▸ Problem description:
Nothing should appear in the answer except the lines below from the line containing "Bi-plot for the" through the line containing "1901 Óbecse, Stari", copied exactly, with pictures left out.

▸ Provided material:
*** Block opens ***

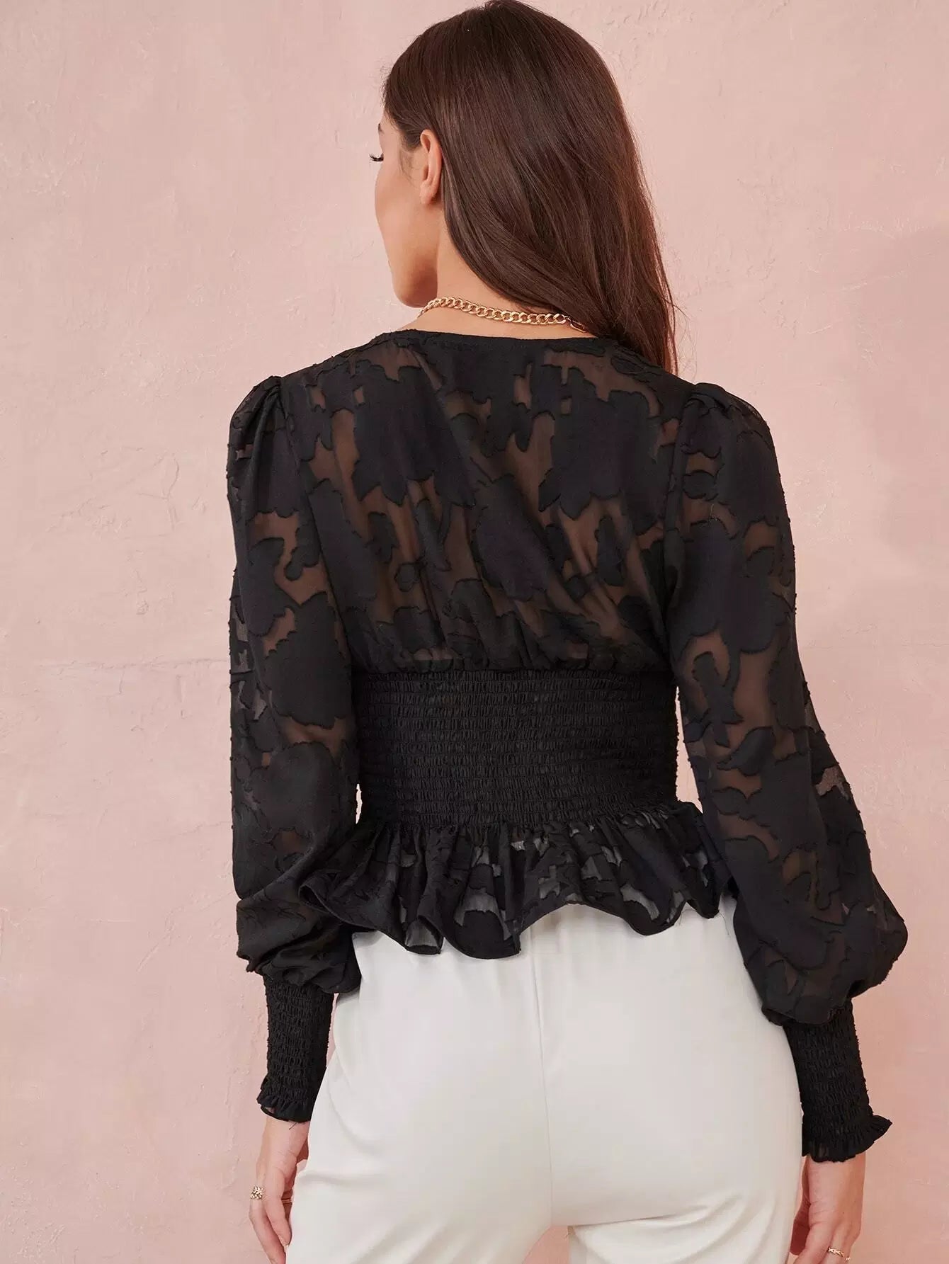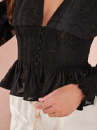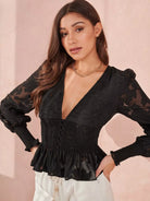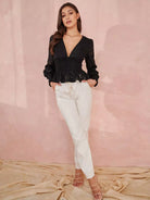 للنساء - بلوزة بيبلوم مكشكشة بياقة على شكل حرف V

*** Block closes ***
*** Block opens ***

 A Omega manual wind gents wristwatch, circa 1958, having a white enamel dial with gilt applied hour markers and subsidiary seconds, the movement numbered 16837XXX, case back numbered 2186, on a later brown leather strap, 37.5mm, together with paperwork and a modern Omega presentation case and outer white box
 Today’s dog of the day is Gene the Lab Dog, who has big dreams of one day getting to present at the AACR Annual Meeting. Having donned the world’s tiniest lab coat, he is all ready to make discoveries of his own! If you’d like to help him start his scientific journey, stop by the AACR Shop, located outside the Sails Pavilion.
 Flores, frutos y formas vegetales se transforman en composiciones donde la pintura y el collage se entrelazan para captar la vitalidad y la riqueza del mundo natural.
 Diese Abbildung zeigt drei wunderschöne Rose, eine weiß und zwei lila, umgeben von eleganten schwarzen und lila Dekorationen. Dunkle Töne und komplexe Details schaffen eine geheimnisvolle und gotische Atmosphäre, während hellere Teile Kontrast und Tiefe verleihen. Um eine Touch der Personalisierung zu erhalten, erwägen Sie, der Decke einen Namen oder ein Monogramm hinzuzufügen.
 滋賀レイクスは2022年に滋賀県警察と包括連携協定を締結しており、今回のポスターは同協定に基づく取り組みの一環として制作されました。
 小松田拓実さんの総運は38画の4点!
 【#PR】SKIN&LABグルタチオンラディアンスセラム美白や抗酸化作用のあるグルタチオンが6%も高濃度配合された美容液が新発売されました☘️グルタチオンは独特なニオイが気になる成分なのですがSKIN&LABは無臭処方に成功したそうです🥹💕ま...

*** Block closes ***
*** Block opens ***

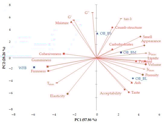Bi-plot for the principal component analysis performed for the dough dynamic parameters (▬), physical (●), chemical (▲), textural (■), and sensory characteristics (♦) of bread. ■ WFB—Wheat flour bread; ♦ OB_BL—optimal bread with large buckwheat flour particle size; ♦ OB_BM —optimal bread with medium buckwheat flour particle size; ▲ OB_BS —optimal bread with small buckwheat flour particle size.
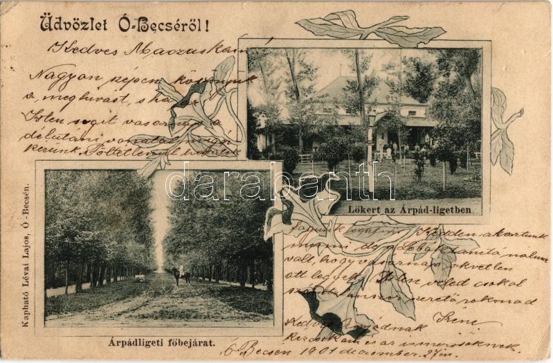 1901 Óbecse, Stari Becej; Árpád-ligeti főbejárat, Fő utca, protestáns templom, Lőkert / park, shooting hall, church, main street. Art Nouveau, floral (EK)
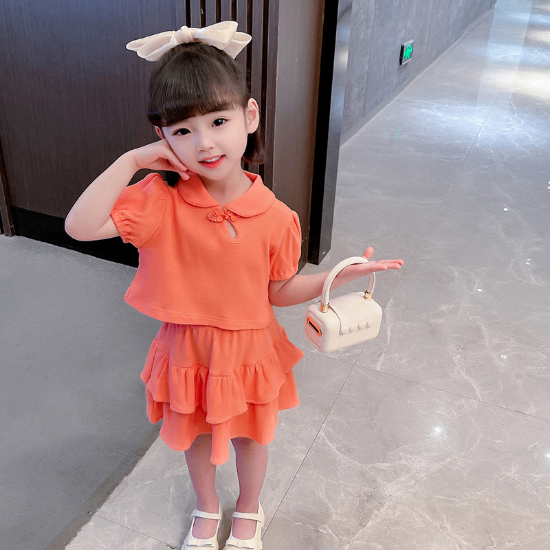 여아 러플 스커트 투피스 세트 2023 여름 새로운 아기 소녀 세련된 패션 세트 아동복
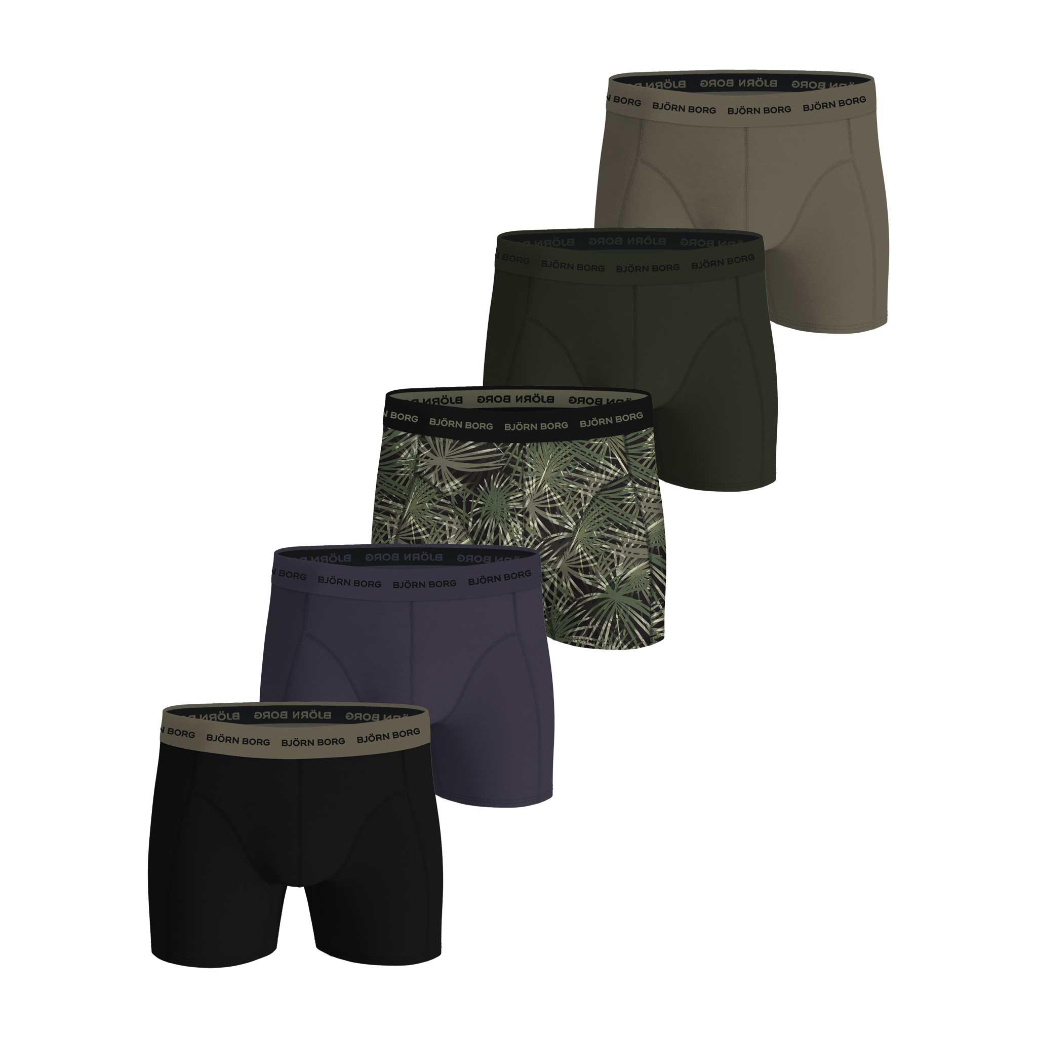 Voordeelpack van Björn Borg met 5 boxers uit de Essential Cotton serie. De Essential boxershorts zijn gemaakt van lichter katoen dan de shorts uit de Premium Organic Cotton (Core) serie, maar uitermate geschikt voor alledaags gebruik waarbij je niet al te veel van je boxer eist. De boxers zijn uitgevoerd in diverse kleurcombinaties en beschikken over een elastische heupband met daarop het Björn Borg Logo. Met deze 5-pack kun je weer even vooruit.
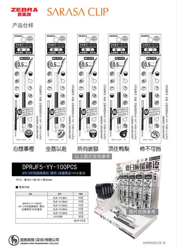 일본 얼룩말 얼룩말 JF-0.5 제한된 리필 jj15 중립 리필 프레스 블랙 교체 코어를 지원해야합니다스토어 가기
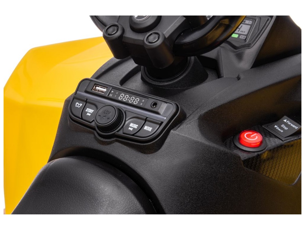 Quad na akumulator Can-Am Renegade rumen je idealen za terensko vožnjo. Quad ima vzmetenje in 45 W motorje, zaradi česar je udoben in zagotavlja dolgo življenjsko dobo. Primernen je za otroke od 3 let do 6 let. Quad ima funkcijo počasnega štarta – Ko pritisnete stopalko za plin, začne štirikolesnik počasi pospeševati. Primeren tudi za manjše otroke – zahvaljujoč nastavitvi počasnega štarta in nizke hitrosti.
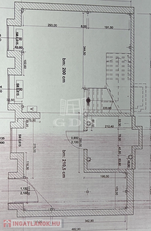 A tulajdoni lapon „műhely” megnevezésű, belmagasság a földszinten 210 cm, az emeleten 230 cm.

*** Block closes ***

▸ Answer space:
Bi-plot for the principal component analysis performed for the dough dynamic parameters (▬), physical (●), chemical (▲), textural (■), and sensory characteristics (♦) of bread. ■ WFB—Wheat flour bread; ♦ OB_BL—optimal bread with large buckwheat flour particle size; ♦ OB_BM —optimal bread with medium buckwheat flour particle size; ▲ OB_BS —optimal bread with small buckwheat flour particle size.
 1901 Óbecse, Stari Becej; Árpád-ligeti főbejárat, Fő utca, protestáns templom, Lőkert / park, shooting hall, church, main street. Art Nouveau, floral (EK)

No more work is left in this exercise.